> [EXERCISE INPUT]:
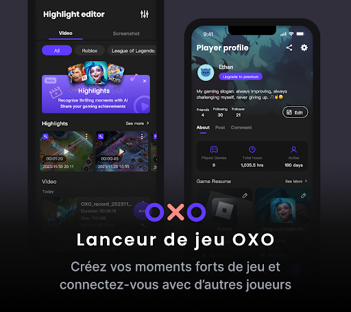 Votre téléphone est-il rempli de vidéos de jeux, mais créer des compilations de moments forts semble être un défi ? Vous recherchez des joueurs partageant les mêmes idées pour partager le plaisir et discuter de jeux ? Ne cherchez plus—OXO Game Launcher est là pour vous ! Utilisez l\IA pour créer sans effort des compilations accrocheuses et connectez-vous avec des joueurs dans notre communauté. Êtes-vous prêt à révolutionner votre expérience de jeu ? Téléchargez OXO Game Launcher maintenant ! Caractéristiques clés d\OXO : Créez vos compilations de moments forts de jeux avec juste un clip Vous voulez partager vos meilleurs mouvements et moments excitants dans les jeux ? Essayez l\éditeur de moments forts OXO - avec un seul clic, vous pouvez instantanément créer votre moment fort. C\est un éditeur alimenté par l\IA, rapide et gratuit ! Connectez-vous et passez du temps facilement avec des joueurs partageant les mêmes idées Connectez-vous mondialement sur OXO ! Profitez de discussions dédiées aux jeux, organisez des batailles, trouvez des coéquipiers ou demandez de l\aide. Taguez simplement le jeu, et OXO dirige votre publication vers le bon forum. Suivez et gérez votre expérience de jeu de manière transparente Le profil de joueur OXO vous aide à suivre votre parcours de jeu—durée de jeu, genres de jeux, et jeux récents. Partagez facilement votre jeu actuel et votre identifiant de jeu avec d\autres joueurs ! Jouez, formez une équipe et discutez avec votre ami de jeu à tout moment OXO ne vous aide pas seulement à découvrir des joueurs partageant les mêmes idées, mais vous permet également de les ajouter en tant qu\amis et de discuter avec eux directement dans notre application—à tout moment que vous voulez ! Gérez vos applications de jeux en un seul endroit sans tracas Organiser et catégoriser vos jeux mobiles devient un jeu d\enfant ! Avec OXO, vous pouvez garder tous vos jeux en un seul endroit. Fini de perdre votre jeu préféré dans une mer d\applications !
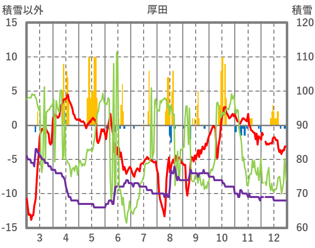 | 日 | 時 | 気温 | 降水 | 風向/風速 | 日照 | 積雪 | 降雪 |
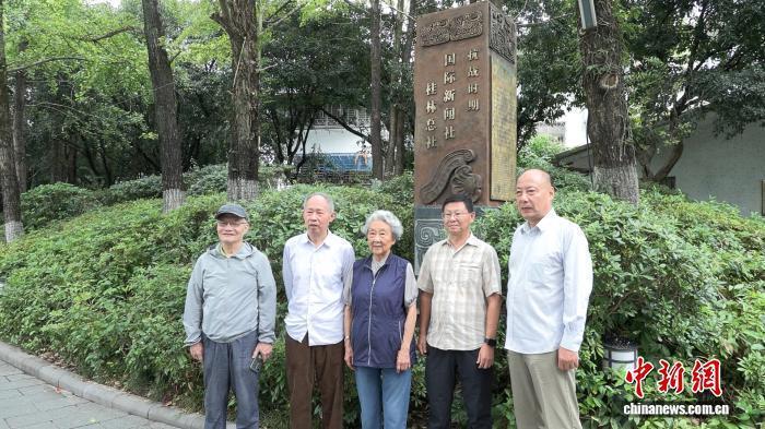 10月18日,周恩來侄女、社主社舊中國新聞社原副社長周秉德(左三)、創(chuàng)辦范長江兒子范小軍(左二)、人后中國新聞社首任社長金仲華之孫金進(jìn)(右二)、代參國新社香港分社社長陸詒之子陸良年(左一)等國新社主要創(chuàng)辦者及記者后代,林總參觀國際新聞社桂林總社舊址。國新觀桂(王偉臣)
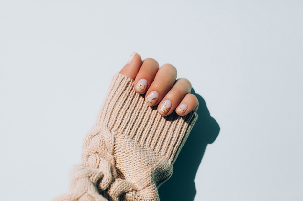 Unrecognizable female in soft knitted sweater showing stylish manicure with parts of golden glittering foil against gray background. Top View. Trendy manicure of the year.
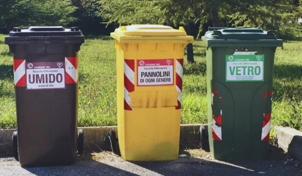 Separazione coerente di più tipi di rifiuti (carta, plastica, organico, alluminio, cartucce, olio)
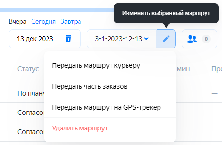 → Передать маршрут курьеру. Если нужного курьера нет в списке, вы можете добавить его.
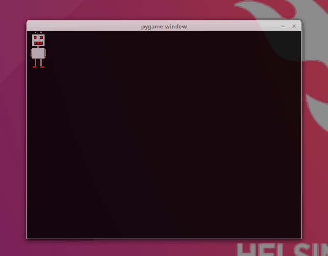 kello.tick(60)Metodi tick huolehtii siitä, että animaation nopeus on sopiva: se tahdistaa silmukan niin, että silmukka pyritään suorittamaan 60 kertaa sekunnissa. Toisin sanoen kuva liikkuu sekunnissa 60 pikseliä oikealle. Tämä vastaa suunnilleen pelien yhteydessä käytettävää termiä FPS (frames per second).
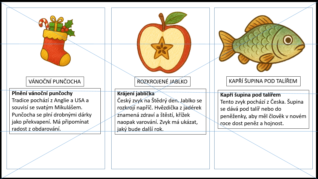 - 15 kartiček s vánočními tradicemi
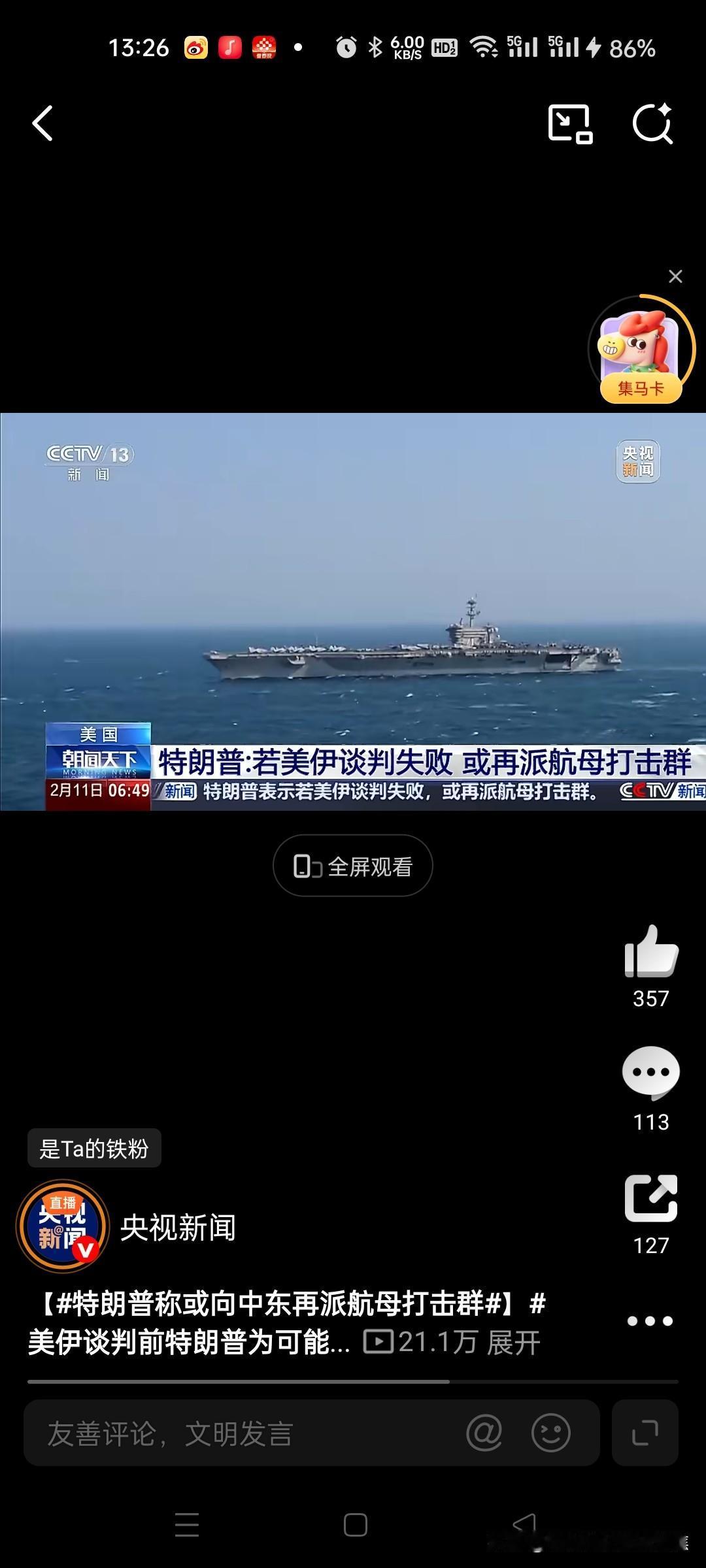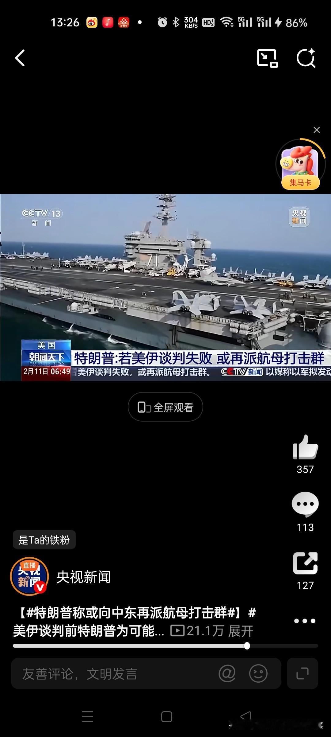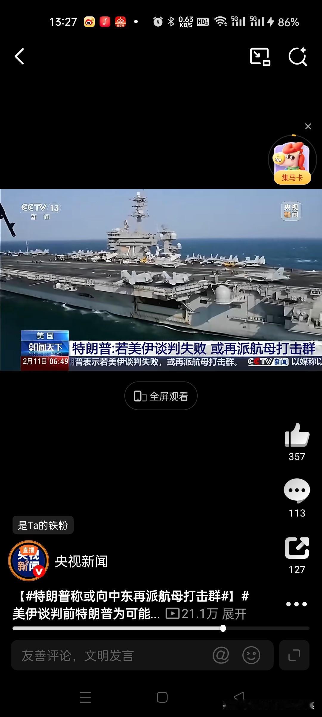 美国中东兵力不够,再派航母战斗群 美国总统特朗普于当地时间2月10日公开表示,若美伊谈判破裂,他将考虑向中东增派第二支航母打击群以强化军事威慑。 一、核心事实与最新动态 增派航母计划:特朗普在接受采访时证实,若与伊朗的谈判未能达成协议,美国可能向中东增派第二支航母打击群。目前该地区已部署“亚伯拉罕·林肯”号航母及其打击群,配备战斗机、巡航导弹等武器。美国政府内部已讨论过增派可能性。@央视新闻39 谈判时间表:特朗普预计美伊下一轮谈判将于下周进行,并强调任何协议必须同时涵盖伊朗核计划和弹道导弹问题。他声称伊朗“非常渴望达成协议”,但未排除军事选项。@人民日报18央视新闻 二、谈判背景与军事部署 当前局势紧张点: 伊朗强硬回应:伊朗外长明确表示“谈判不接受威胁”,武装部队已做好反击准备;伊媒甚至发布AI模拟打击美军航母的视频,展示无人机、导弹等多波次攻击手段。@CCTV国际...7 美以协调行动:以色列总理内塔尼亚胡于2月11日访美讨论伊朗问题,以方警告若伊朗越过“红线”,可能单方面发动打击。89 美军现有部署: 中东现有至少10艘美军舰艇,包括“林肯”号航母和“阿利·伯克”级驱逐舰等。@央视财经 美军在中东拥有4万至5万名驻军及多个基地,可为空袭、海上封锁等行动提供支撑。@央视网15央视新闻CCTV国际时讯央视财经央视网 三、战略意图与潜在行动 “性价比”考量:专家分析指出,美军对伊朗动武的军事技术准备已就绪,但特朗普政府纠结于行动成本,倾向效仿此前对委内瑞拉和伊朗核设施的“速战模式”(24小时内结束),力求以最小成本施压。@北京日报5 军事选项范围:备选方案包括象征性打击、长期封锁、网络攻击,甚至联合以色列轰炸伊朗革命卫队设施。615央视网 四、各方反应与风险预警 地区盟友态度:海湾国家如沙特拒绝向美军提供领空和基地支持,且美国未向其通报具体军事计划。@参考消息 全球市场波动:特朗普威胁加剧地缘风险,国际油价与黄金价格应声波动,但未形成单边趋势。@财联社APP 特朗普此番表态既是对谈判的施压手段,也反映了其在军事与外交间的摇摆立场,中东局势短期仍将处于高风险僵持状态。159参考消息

> [ASSIGNMENT]: Look above for the line with "kello.tick(60)Metodi tick huolehtii", then give again exactly every line from there through the line with "- 15 kartiček s vánočními tradicemi", skipping the pictures.

> [OUTPUT BELOW]:
 kello.tick(60)Metodi tick huolehtii siitä, että animaation nopeus on sopiva: se tahdistaa silmukan niin, että silmukka pyritään suorittamaan 60 kertaa sekunnissa. Toisin sanoen kuva liikkuu sekunnissa 60 pikseliä oikealle. Tämä vastaa suunnilleen pelien yhteydessä käytettävää termiä FPS (frames per second).
 - 15 kartiček s vánočními tradicemi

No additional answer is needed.